Advanced Departmental Elective Courses
Predictive Maintenance Techniques: This course explores the use of data analytics, machine learning algorithms, and sensor technologies to predict equipment failures. Students learn how to implement predictive models for various industrial systems and interpret real-time data streams.
Industrial Automation and PLCs: Designed to equip students with hands-on experience in programming and configuring programmable logic controllers (PLCs). The course covers ladder logic, HMI design, and integration of automation systems into existing maintenance frameworks.
Asset Management and Lifecycle Planning: Focuses on strategic approaches to managing industrial assets from acquisition through decommissioning. Topics include cost-benefit analysis, risk assessment, and lifecycle optimization strategies for maximum return on investment.
Advanced Maintenance Diagnostics: Introduces advanced diagnostic techniques used in modern maintenance environments. Students learn how to troubleshoot complex systems using specialized tools and software, and develop skills in root cause analysis.
Digital Twins and Simulation Tools: Explores the concept of digital twins and their application in modeling real-world assets. Students gain experience with simulation software to test maintenance strategies without disrupting actual operations.
Big Data Analytics in Maintenance: Teaches students how to collect, process, and analyze large volumes of maintenance data using modern tools like Python, R, and SQL. The course emphasizes extracting actionable insights for performance improvement.
Sustainable Manufacturing Practices: Examines sustainable approaches to industrial maintenance that reduce environmental impact while maintaining operational efficiency.
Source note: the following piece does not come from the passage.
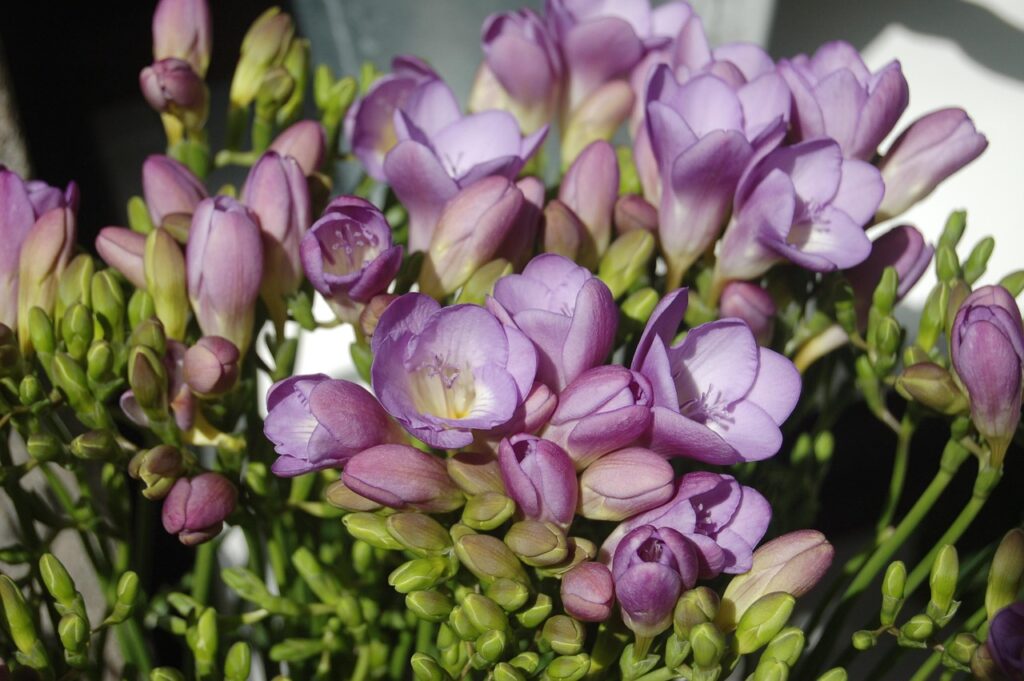 Tra le varietà più eleganti da coltivare in vaso troviamo anche la fresia viola, con fiori possono variare dal lilla delicato fino al viola più scuro, spesso con leggere sfumature interne che rendono ogni corolla particolarmente decorativa.

Topics include waste minimization, energy conservation, and circular economy principles.
Advanced Materials for Maintenance: Provides an overview of advanced materials used in industrial applications, including composites, ceramics, and smart coatings. Students learn about material selection criteria and their implications for maintenance strategies.
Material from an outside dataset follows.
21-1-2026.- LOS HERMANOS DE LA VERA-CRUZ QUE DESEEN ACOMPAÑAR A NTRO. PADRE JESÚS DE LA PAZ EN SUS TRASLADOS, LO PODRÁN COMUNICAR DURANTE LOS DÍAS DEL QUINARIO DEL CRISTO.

Industrial Safety and Risk Management: Covers safety protocols, hazard identification, and risk mitigation techniques specific to industrial environments. Students are trained in emergency response planning and regulatory compliance.
Mechanical Systems Design: Focuses on the principles of mechanical system design with an emphasis on maintainability and reliability. Students learn how to design systems that minimize downtime and maximize operational lifespan.
Project-Based Learning Philosophy
The department places a strong emphasis on project-based learning, believing that real-world experience is essential for developing competent engineers. Students begin working on mini-projects in their third year, tackling challenges posed by industry partners or academic faculty. These projects are evaluated based on innovation, technical execution, teamwork, and presentation quality.
The final-year capstone project is a comprehensive endeavor where students select a topic related to industrial maintenance and work under the supervision of a faculty mentor. The project involves extensive research, design, implementation, and documentation phases. Students present their findings to a panel of experts from academia and industry, ensuring that they are well-prepared for professional environments.
Faculty mentors are selected based on their expertise in specific areas of industrial maintenance. They guide students through the entire project lifecycle, providing technical support, feedback, and career advice. The selection process ensures that each student is matched with a mentor whose interests align with their chosen topic.